§ **RECORDS**:
########

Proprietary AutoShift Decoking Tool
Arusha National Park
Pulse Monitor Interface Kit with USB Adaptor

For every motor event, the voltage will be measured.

########

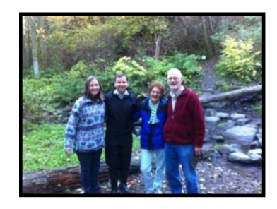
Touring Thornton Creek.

########

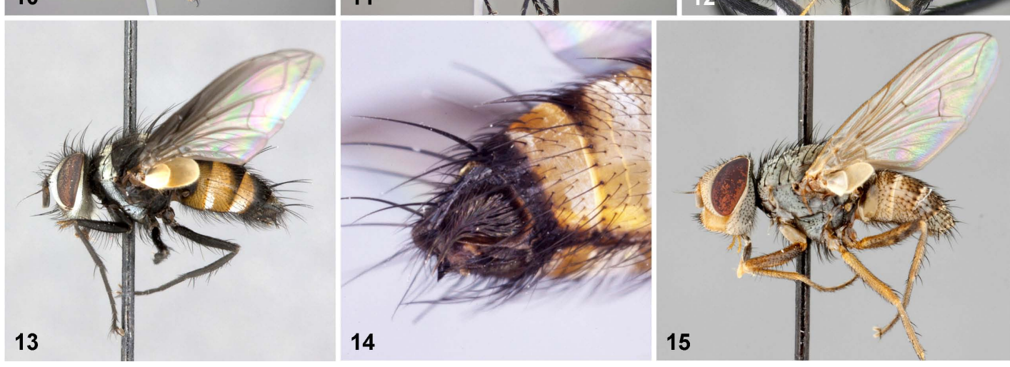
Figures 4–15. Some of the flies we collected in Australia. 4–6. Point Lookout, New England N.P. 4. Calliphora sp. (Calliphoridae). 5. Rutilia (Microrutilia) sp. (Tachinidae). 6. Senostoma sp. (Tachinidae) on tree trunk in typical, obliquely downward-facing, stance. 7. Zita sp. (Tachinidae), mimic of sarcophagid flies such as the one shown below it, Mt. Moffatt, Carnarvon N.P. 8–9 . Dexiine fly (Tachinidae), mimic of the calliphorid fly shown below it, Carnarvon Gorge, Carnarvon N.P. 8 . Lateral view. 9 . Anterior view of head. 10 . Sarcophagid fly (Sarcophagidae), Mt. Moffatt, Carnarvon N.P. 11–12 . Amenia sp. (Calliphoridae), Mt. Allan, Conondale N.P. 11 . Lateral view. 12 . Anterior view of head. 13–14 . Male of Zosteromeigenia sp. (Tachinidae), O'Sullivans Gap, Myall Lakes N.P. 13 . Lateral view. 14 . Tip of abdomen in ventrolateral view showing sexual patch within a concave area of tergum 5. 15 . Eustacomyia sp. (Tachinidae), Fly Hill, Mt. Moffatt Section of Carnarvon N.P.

########

§ **WORK TASK**: From the records above, print exactly the lines that run from the line with "Arusha National Park" to the line with "For every motor", inclusive.

§ **THE COMPLETED TASK**:
Arusha National Park
Pulse Monitor Interface Kit with USB Adaptor

For every motor event, the voltage will be measured.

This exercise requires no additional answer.